TASK GOAL:
Restate the listing below word for word. No picture belongs in the result.

-- RECORDED INFORMATION follows --

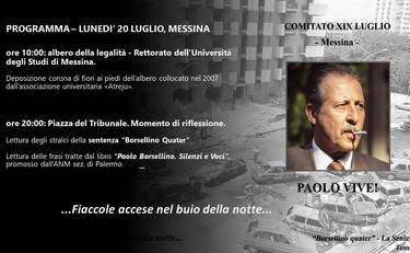 Lunedì 20 Luglio ore 10:00: momento commemorativo presso l’“albero della legalità” collocato nel 2007 - a cura dell’Associazione Universitaria Atreju - nell’aiuola antistante il Rettorato dell’Università degli Studi di Messina insieme ad un piccolo monumento con incisa la celebre frase di Borsellino sul rapporto tra la gioventù e la mafia: “Se la gioventù le negherà il consenso, anche l’onnipotente misteriosa mafia svanirà come un incubo”;
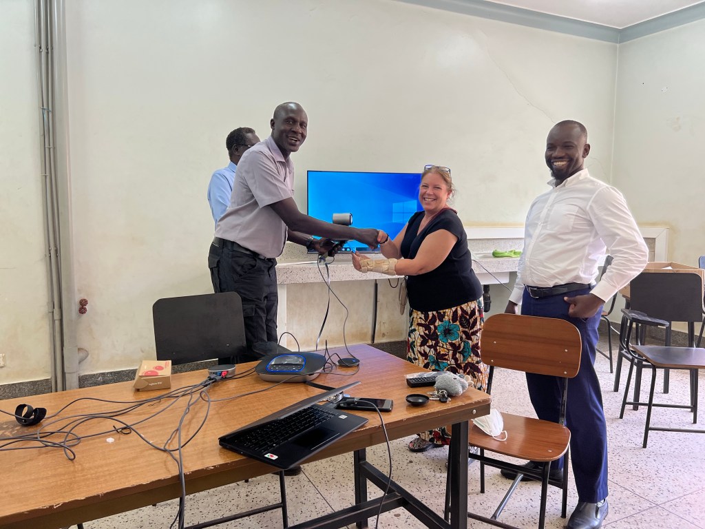 In the afternoon, I was able to formally hand over the Video Conferencing Equipment to the Department Head of Pharmacy, Mr. Robert Otto. Kalidi, Winnie, and I were able to get it up and working. I’m so excited about how this will advance our current research as well as enable other collaborations such as Binghamton Students learning with Makerere Pharmacy students.
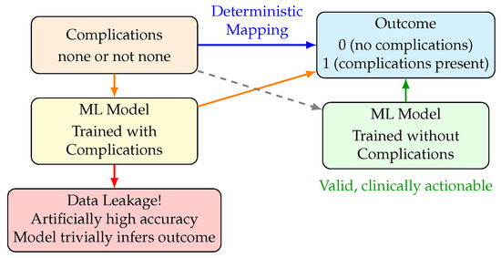 Inclusion of ‘Complications’ as a feature in ML model training introduces data leakage, as the model can directly infer the outcome from this column. This results in artificially high performance metrics that do not reflect the model’s ability to generalize to real-world clinical scenarios, where the presence or absence of complications is not known at the time of prediction. Consequently, models trained with access to ‘Complications’ are not clinically actionable (see Figure 2).
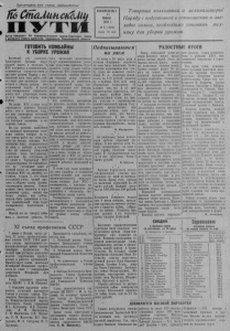 Пролетарии всех стран, соединяйтесь! СтаЛина&Ащ П У Т И Орган Северного РК Коммунистической партии Советского Союза и районного Совета депутатов трудящиеся Новосибирской области ГОТОВИТЬ КОМБАЙНЫ К УБОРКЕ УРОЖАЯ Весенний сев закончен.] Тракторные бригады ведут подъем паров, в колхозах и МТС готовятся к сенокошению, занимаются строительством и д в ч е р а д у с е г н и н и м а е д и м о д у в е ж с л е е а х ми в э . п т л Н и о а х т р н я р у д а ю у бо с т, г п с о е р т й о о виться к уборке урожая. Это неотложная задача. К жатве надо своевременно б р к о а у в й а н и т ы ь в . всю перв у у б ю оро о ч че н о р у т е ю р д е ь м т о е н х к т н о и и м 11а, долю МТС в этом году приходится намного больше работ, чем в прошлом году, так как расширены посевные площади, поднято несколько сот гектаров целинных лежных земель. Но ход ремонта комб и айн з о а в ц п и о ям маш р и а н й н о о н -т а рак г т о о в р о н ри ы т м з с а тан то , ч ст то ке те н м е пы вес р ь а м б а от н в а ысо э к т и о е м . у В ч с а ё внимание было сосредоточено с н к а их севе п , о а ре р м а о б н о т т у ы у в бо м ро а ч ст н е о р й техники шли, по-существу, самотеком. Во состоянию на 10 июня в Тартасской МТС отремонтировано 10 комбайнов, что не составляет даже и третьей части от имеющихся. с С т е а в в е и р л н а ая т М о Т ль С ко на 3 л , и ч н т е о йку так п ж о е с ц о е с н т т ав к ля о е б т щ о е ч м е у нь пла м й а у лый маш п и р н о, подлежащих ремонту. Ремонт д д о ел л е ж н е н н ому быт с ь ро з к а у к , онч о е д н на к ко оп п р р е и такпх темпах, как сейчас, нельзя быть уверенным в том, что комбайновый парк будет своевременно подготовлен к в р а а т б ь Н о е т л о е ь . зя ка н ч и ест н в а е м р и е н м у о т н у та з . аб О ы т того, насколько качественно будут отремонтированы ные уборочные машины, с б л у о д ж ет зависеть успех уборки хлебов. Д р ор и ы г р а е н к о и б то я з р з а а а ц н и ы й М , ТС г л , л с и а е ч в к н н р о ы ет е ар и о и с н у ж п щ а е р н е т с е т влять контроль за качеством, за организацией дряя передовые е т г р о уда м , ето в д н ы е , в п а о н л и не е е и м с а п с о т л е ь р з с о к в и а х т , ь п о р б е о се р к у а д т о ь бракодельство. Все комбайны, выходящие р и у з до р в е а м н о ы нта, д з о е л р ж но н у ы ло б в ы ит ть еля о м б и о, граблями, приспособленными к уборке, светом и т.д. Партийным и профсоюзным организациям надо возглавить социалистическое л н е и й е, уз т л ре о б в ов в а ы ть пол о н т ен р и у я с к о о р в е г о в р д н а и о ф т в и е а ка выхода деталей из ремонта. Н ци е ю обх и оди и м зг о от н о а в л л а е д н и и т е ь р за е п ст а а с в н р ы а х частей и мелких деталей, создать резерв для т ч о е в ско в го по о л б е с , луж чт и о в б а ы ни н я е аг т е р з е д е х г и н а т и ь каждый раз в МТС за десятки к в и аж ло н м о е й тро д в ета с ль к ю а , кой вы -л ш и е б д о ше м й ал и о з с л т и ро В с я в . о э и том гра г н од и у цы пол и я со р з а д з а д ю ви т н ся ул п ва р у н ч о и и ш я з и в е о т д е и у х с т н л е и о л к в ь и и н . я ого До д л л г я исп М в о ы Т л с С ь о з к о — о с к ч в о е о м с е т б в в а р о й е м н м ы ен о н и т о р , ем с о о б н е т с в и п ы р е с о ч о в и к а т и т ь ь м перебойную жатву хлебов. б в к е с а е с Развертывать соревнование механизаторов и колхозников з м а он с т к а орей уб ш о е р е очн з ы ав х ерш м е а н ш и и е н, ре за о к б е раз у ц р о о в ж ую ая п — од т го а т к о о в в к а у к с у е б й о ч р а с задача. XI съезд профсоюзов С С С Р н б ы от х 7 у с и X о ю I ю н з с я о ъ в е в зд С М С

-- RECORDED INFORMATION concluded --

EXERCISE ANSWER:
 Lunedì 20 Luglio ore 10:00: momento commemorativo presso l’“albero della legalità” collocato nel 2007 - a cura dell’Associazione Universitaria Atreju - nell’aiuola antistante il Rettorato dell’Università degli Studi di Messina insieme ad un piccolo monumento con incisa la celebre frase di Borsellino sul rapporto tra la gioventù e la mafia: “Se la gioventù le negherà il consenso, anche l’onnipotente misteriosa mafia svanirà come un incubo”;
 In the afternoon, I was able to formally hand over the Video Conferencing Equipment to the Department Head of Pharmacy, Mr. Robert Otto. Kalidi, Winnie, and I were able to get it up and working. I’m so excited about how this will advance our current research as well as enable other collaborations such as Binghamton Students learning with Makerere Pharmacy students.
 Inclusion of ‘Complications’ as a feature in ML model training introduces data leakage, as the model can directly infer the outcome from this column. This results in artificially high performance metrics that do not reflect the model’s ability to generalize to real-world clinical scenarios, where the presence or absence of complications is not known at the time of prediction. Consequently, models trained with access to ‘Complications’ are not clinically actionable (see Figure 2).
 Пролетарии всех стран, соединяйтесь! СтаЛина&Ащ П У Т И Орган Северного РК Коммунистической партии Советского Союза и районного Совета депутатов трудящиеся Новосибирской области ГОТОВИТЬ КОМБАЙНЫ К УБОРКЕ УРОЖАЯ Весенний сев закончен.] Тракторные бригады ведут подъем паров, в колхозах и МТС готовятся к сенокошению, занимаются строительством и д в ч е р а д у с е г н и н и м а е д и м о д у в е ж с л е е а х ми в э . п т л Н и о а х т р н я р у д а ю у бо с т, г п с о е р т й о о виться к уборке урожая. Это неотложная задача. К жатве надо своевременно б р к о а у в й а н и т ы ь в . всю перв у у б ю оро о ч че н о р у т е ю р д е ь м т о е н х к т н о и и м 11а, долю МТС в этом году приходится намного больше работ, чем в прошлом году, так как расширены посевные площади, поднято несколько сот гектаров целинных лежных земель. Но ход ремонта комб и айн з о а в ц п и о ям маш р и а н й н о о н -т а рак г т о о в р о н ри ы т м з с а тан то , ч ст то ке те н м е пы вес р ь а м б а от н в а ысо э к т и о е м . у В ч с а ё внимание было сосредоточено с н к а их севе п , о а ре р м а о б н о т т у ы у в бо м ро а ч ст н е о р й техники шли, по-существу, самотеком. Во состоянию на 10 июня в Тартасской МТС отремонтировано 10 комбайнов, что не составляет даже и третьей части от имеющихся. с С т е а в в е и р л н а ая т М о Т ль С ко на 3 л , и ч н т е о йку так п ж о е с ц о е с н т т ав к ля о е б т щ о е ч м е у нь пла м й а у лый маш п и р н о, подлежащих ремонту. Ремонт д д о ел л е ж н е н н ому быт с ь ро з к а у к , онч о е д н на к ко оп п р р е и такпх темпах, как сейчас, нельзя быть уверенным в том, что комбайновый парк будет своевременно подготовлен к в р а а т б ь Н о е т л о е ь . зя ка н ч и ест н в а е м р и е н м у о т н у та з . аб О ы т того, насколько качественно будут отремонтированы ные уборочные машины, с б л у о д ж ет зависеть успех уборки хлебов. Д р ор и ы г р а е н к о и б то я з р з а а а ц н и ы й М , ТС г л , л с и а е ч в к н н р о ы ет е ар и о и с н у ж п щ а е р н е т с е т влять контроль за качеством, за организацией дряя передовые е т г р о уда м , ето в д н ы е , в п а о н л и не е е и м с а п с о т л е ь р з с о к в и а х т , ь п о р б е о се р к у а д т о ь бракодельство. Все комбайны, выходящие р и у з до р в е а м н о ы нта, д з о е л р ж но н у ы ло б в ы ит ть еля о м б и о, граблями, приспособленными к уборке, светом и т.д. Партийным и профсоюзным организациям надо возглавить социалистическое л н е и й е, уз т л ре о б в ов в а ы ть пол о н т ен р и у я с к о о р в е г о в р д н а и о ф т в и е а ка выхода деталей из ремонта. Н ци е ю обх и оди и м зг о от н о а в л л а е д н и и т е ь р за е п ст а а с в н р ы а х частей и мелких деталей, создать резерв для т ч о е в ско в го по о л б е с , луж чт и о в б а ы ни н я е аг т е р з е д е х г и н а т и ь каждый раз в МТС за десятки к в и аж ло н м о е й тро д в ета с ль к ю а , кой вы -л ш и е б д о ше м й ал и о з с л т и ро В с я в . о э и том гра г н од и у цы пол и я со р з а д з а д ю ви т н ся ул п ва р у н ч о и и ш я з и в е о т д е и у х с т н л е и о л к в ь и и н . я ого До д л л г я исп М в о ы Т л с С ь о з к о — о с к ч в о е о м с е т б в в а р о й е м н м ы ен о н и т о р , ем с о о б н е т с в и п ы р е с о ч о в и к а т и т ь ь м перебойную жатву хлебов. б в к е с а е с Развертывать соревнование механизаторов и колхозников з м а он с т к а орей уб ш о е р е очн з ы ав х ерш м е а н ш и и е н, ре за о к б е раз у ц р о о в ж ую ая п — од т го а т к о о в в к а у к с у е б й о ч р а с задача. XI съезд профсоюзов С С С Р н б ы от х 7 у с и X о ю I ю н з с я о ъ в е в зд С М С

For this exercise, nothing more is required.